Israeli and Palestinian officials are holding indirect talks through Egyptian mediators in Cairo seeking to extend a temporary truce in Gaza before it expires on Friday.

Here are their key demands and seemingly irreconcilable positions:

THE BLOCKADE

Hamas and the Palestinian Authority want Israel to end a land and sea blockade imposed on Gaza in 2006 after Hamas captured Israeli soldier Gilad Shalit.

Israel tightened the blockade in summer 2007 after Hamas forcibly took over Gaza, ousting forces loyal to president Mahmud Abbas.

Israel eased restrictions on imports of food and construction materials in 2010 following international outcry over a botched Israeli raid on a Gaza-bound flotilla which was trying break the blockade, which left 10 Turks dead.

Some restrictions were further eased after the last Israel-Hamas conflict in Gaza in 2012.

Hamas wants fishing zones extended, and to have a port and an airport.

GAZA BORDER CROSSING WITH EGYPT

The Palestinians want Egypt to reopen the Rafah border crossing, where Israel has no jurisdiction.

Gaza residents have only two ways to access the outside world: through the Rafah crossing with Egypt or through the northern Erez crossing into Israel. There is also a goods terminal at Kerem Shalom, at the southernmost point of the Israel-Gaza border.

There are four other crossing points into Gaza which have been closed for years: Sufa in the south, Kissufim in central Gaza and Karni and Nahal Oz in the north. The Palestinians want all of them reopened.

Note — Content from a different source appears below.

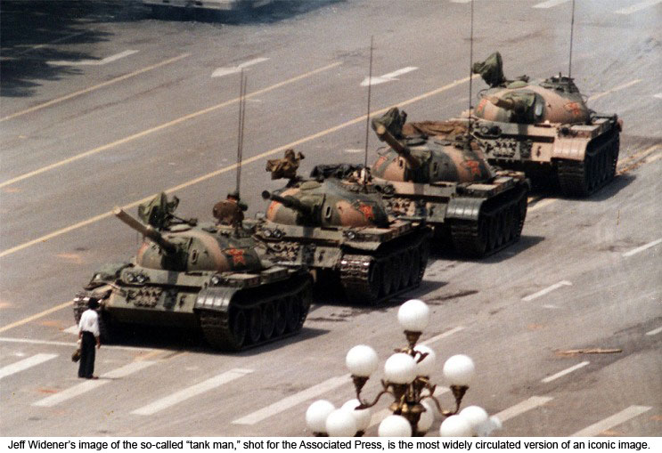 —but occasionally, the camera records a moment of heroism. That was the case with “tank man,” the notorious photograph of the young man who stood in front of a line of tanks in Tiananmen Square in 1989, symbolically taking on the might of the Chinese army.

Egypt has kept Rafah closed since the July 2013 army overthrow of Islamist president Mohamed Morsi, whose Muslim Brotherhood movement was a close ally of Hamas.

Relations between Egypt and Hamas have collapsed since Morsi's demise. The new regime in Egypt, one of only two Arab countries that have a peace treaty with Israel, says it has destroyed more than 1,600 cross-border smuggling tunnels leading from Gaza into the Sinai Peninsula.

DEMILITARISATION

Israel says it is ready to ease the blockade only if its security needs are guaranteed.

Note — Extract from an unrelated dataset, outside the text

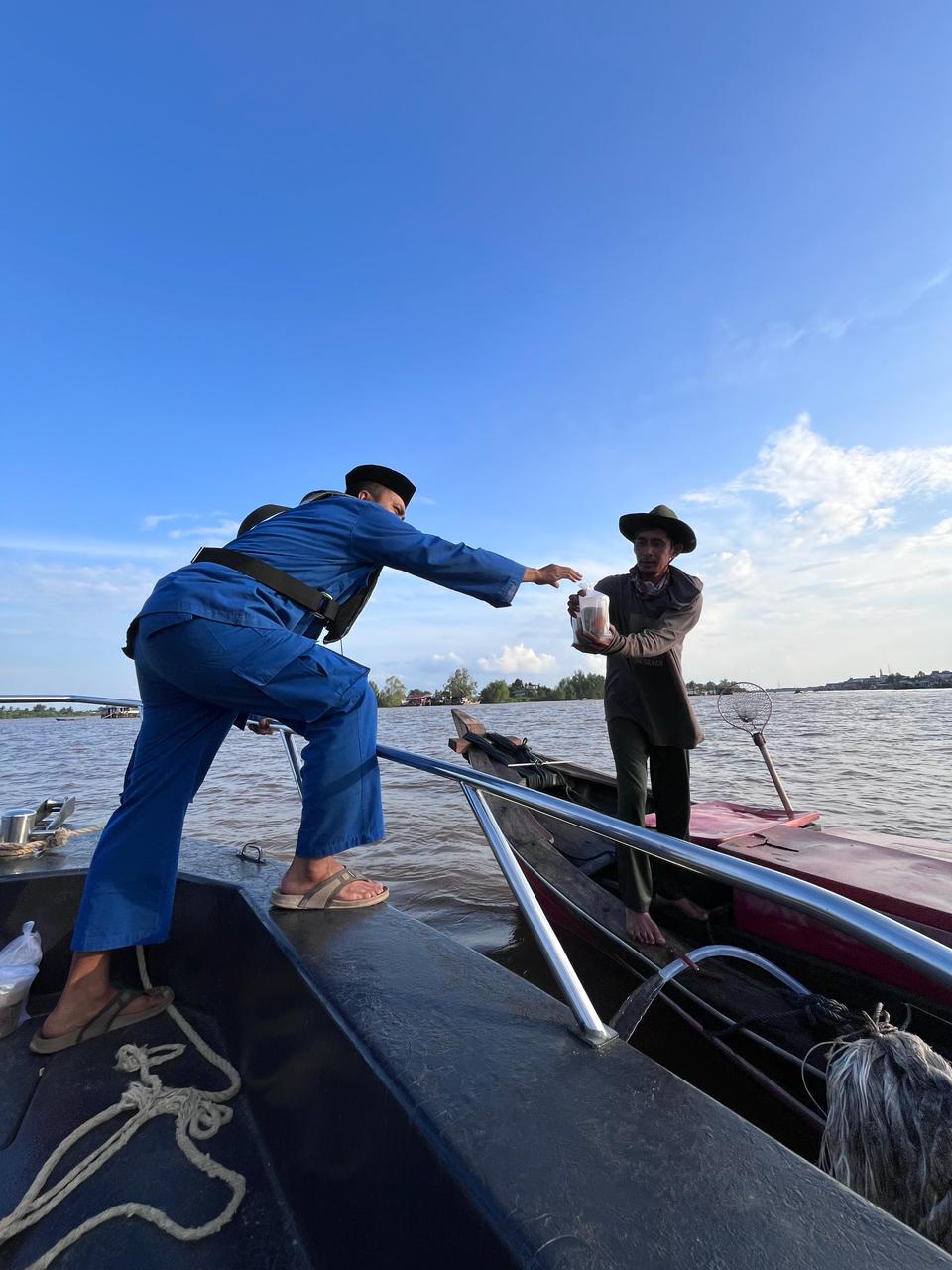 Anggota Polairud Jambi Bagikan puluhan Takjil buka puasa kepada Nelayan di Perairan Nipah Panjang (24/03/24) .

Prime Minister Benjamin Netanyahu has demanded the de-militarisation of the Gaza Strip and conditioned support for reconstruction on the disarmament of Hamas and other militant groups.

Hamas has flatly refused.

Netanyahu wants strict controls on goods crossing into Gaza and international oversight on materials imported for reconstruction to ensure that Hamas cannot rebuild a complex network of cross-border tunnels used for infiltrating the Israeli south.

PRISONERS

Hamas wants Israel to free around 60 prisoners, who were released in a prisoner swap deal in 2011 then re-arrested in June after three Israeli teenagers were kidnapped and murdered in the West Bank.

They are also asking for the release of 37 Palestinian MPs who have been arrested by Israel over the years, all but two of them Hamas members.

They are also asking for the release of scores of Palestinian MPs who have been arrested by Israel over the years.

Israel has refuses to release them.

ROLE OF PALESTINIAN AUTHORITY

Hamas and the Palestine Liberation Organisation president Mahmoud Abbas are officially negotiating as one in Cairo. In April, Hamas signed a unity agreement with the PLO, which is dominated by Fatah and which has been at odds with Hamas for years. The reconciliation saw the former rivals setting up a consensus government that took office in June, ending seven years of separate administrations.

Israel wants Abbas's security forces to retake control of Gaza and deploy on the Palestinian side of the Egyptian border crossing and for international donor money to be dispersed through Abbas.

That could amount to a U-turn for Netanyahu who has so far refused to cooperate with the unity government on grounds that it was backed by Hamas.